══ SOURCE MATERIAL ══
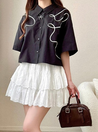♡刺繡線條·帶領恤衫
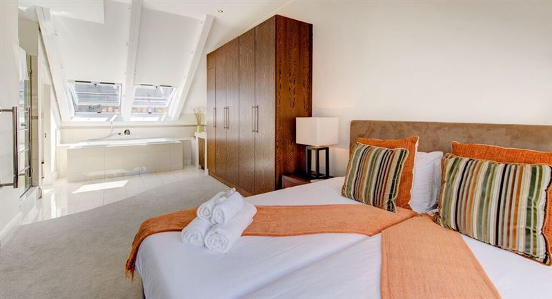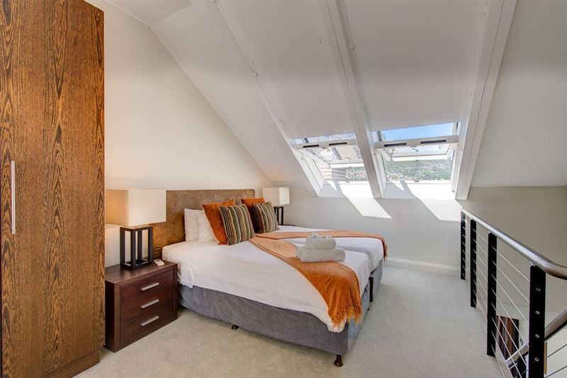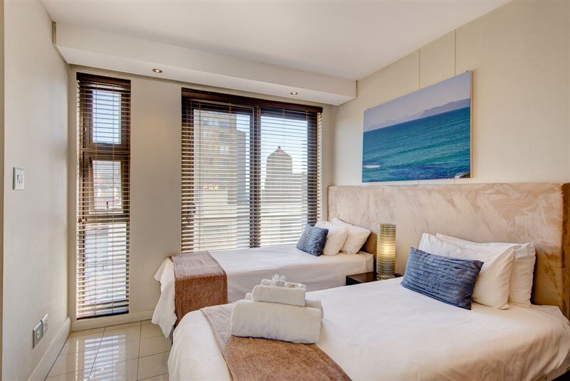 The revitalized heart of Downtown offers this luxurios self-catering apartment which overlooks numerous national monuments within the Old Town environment of The Mother City. The skyline views include the Houses of Parliament, the carefully preserved Slave Lodge, St. George’s Cathedral and The Company Gardens.The self-contained apartment comprises two bedrooms; the main bedroom has a king-size bed and the second bedroom has twin beds; both bedrooms have en-suite bathrooms. There is an open-plan lounge and dining room with a fully equipped kitchen. The lounge offers a TV with DSt
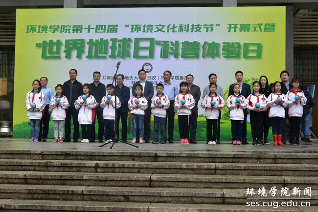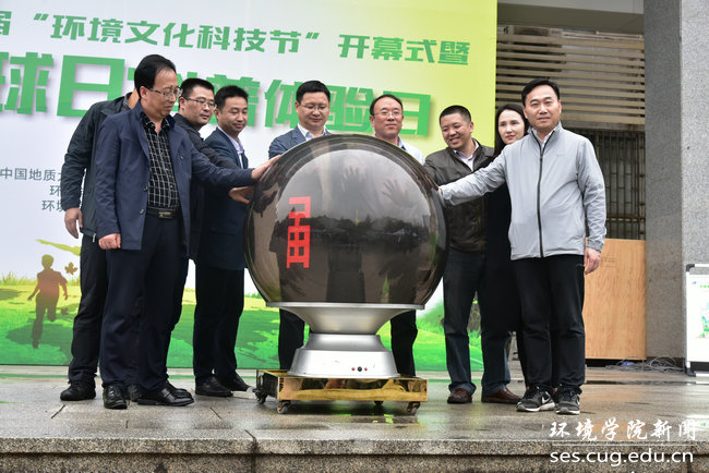 出席活动的领导嘉宾共同触摸启动球,宣布beats365官方网站第十四届“环境文化科技节”正式开幕。
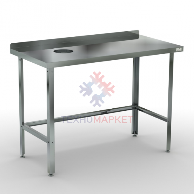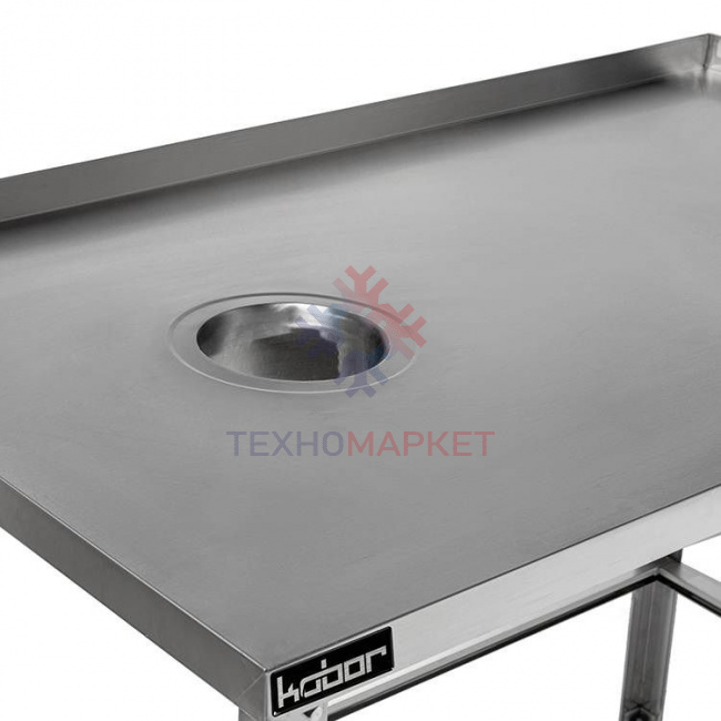- Стол для сбора пищевых отходов оснащен столешницей с отогнутым вверх задним бортом и предназначен для установки около стены. Борт предохраняет от попадания продуктов питания на стену или пол;
═══
WHAT YOU ARE ASKED TO DO
What you return should be the whole listing, word for word, without its pictures.

EXERCISE RESULT
♡刺繡線條·帶領恤衫
 The revitalized heart of Downtown offers this luxurios self-catering apartment which overlooks numerous national monuments within the Old Town environment of The Mother City. The skyline views include the Houses of Parliament, the carefully preserved Slave Lodge, St. George’s Cathedral and The Company Gardens.The self-contained apartment comprises two bedrooms; the main bedroom has a king-size bed and the second bedroom has twin beds; both bedrooms have en-suite bathrooms. There is an open-plan lounge and dining room with a fully equipped kitchen. The lounge offers a TV with DSt
 出席活动的领导嘉宾共同触摸启动球,宣布beats365官方网站第十四届“环境文化科技节”正式开幕。
- Стол для сбора пищевых отходов оснащен столешницей с отогнутым вверх задним бортом и предназначен для установки около стены. Борт предохраняет от попадания продуктов питания на стену или пол;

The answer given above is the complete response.